▸ **TASK TO CARRY OUT**:
Everything in the listing below must be set down again exactly, apart from the pictures.

### THE DATA ###

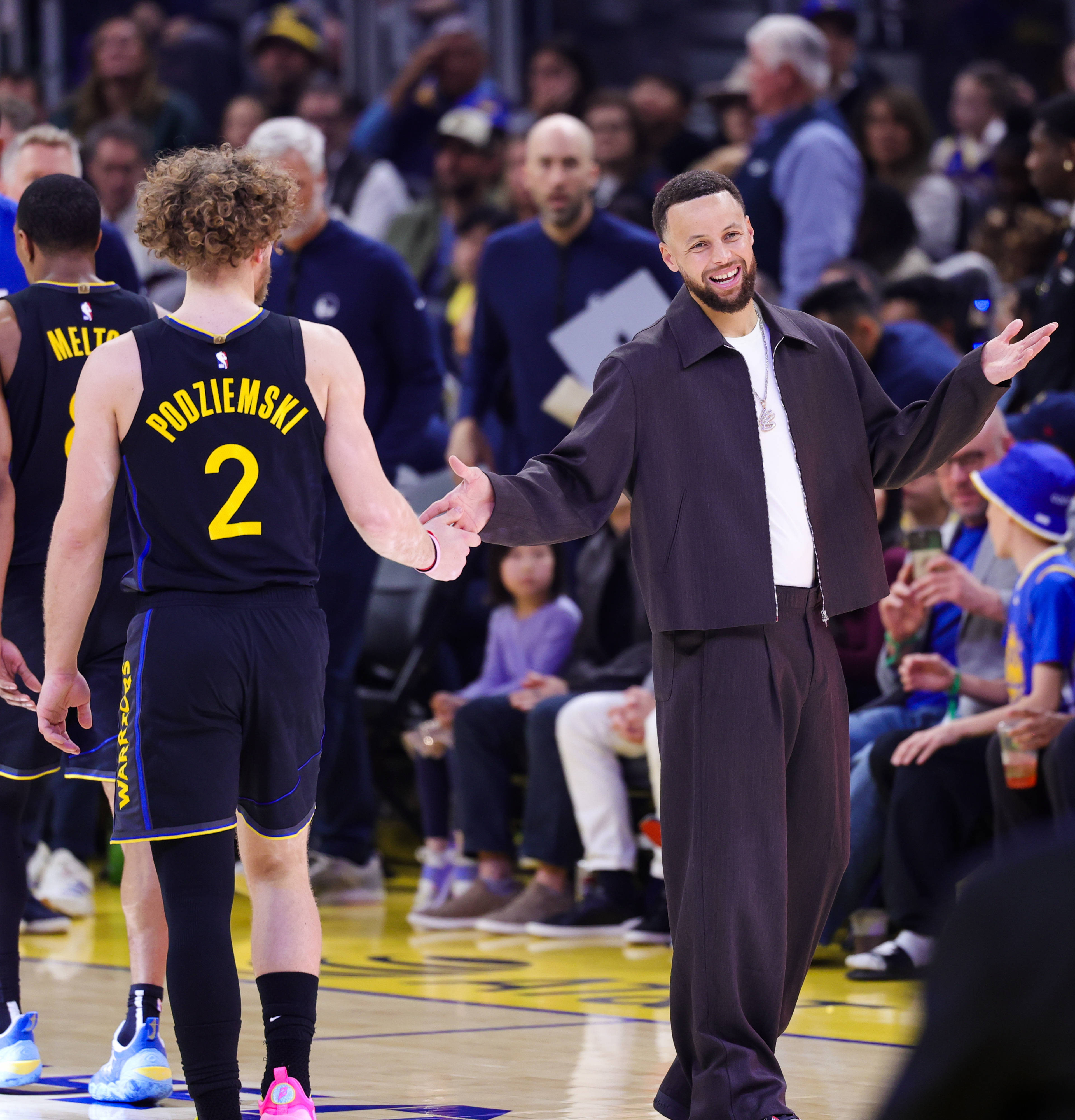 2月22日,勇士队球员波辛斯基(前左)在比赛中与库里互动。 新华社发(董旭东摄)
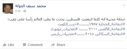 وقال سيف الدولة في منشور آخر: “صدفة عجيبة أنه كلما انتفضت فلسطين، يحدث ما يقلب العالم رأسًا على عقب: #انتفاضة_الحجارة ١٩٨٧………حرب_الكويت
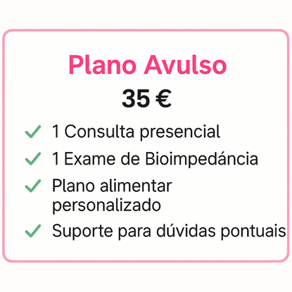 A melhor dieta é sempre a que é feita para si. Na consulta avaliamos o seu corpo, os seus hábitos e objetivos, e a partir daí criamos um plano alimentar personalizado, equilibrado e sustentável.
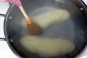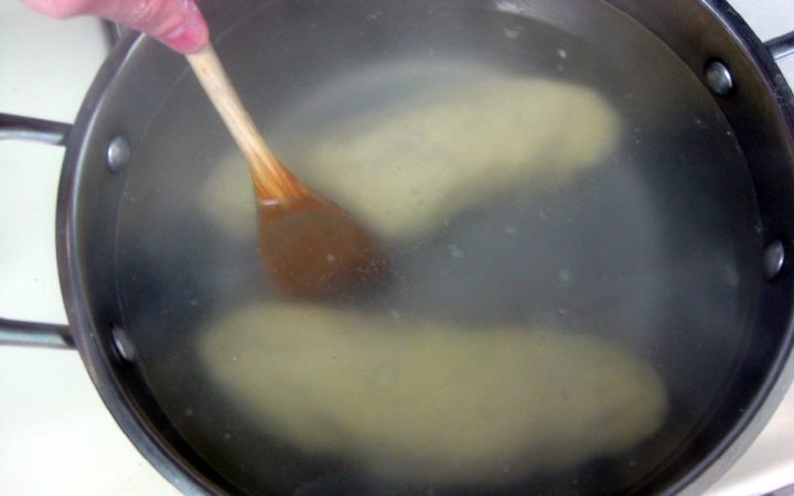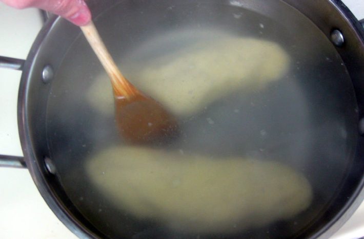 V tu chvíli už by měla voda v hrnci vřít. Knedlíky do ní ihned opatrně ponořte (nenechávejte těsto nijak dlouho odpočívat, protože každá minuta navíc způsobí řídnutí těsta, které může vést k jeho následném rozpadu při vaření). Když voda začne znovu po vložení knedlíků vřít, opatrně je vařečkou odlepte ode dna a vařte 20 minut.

###

▸ **PROBLEM SOLUTION**:
 2月22日,勇士队球员波辛斯基(前左)在比赛中与库里互动。 新华社发(董旭东摄)
 وقال سيف الدولة في منشور آخر: “صدفة عجيبة أنه كلما انتفضت فلسطين، يحدث ما يقلب العالم رأسًا على عقب: #انتفاضة_الحجارة ١٩٨٧………حرب_الكويت
 A melhor dieta é sempre a que é feita para si. Na consulta avaliamos o seu corpo, os seus hábitos e objetivos, e a partir daí criamos um plano alimentar personalizado, equilibrado e sustentável.
 V tu chvíli už by měla voda v hrnci vřít. Knedlíky do ní ihned opatrně ponořte (nenechávejte těsto nijak dlouho odpočívat, protože každá minuta navíc způsobí řídnutí těsta, které může vést k jeho následném rozpadu při vaření). Když voda začne znovu po vložení knedlíků vřít, opatrně je vařečkou odlepte ode dna a vařte 20 minut.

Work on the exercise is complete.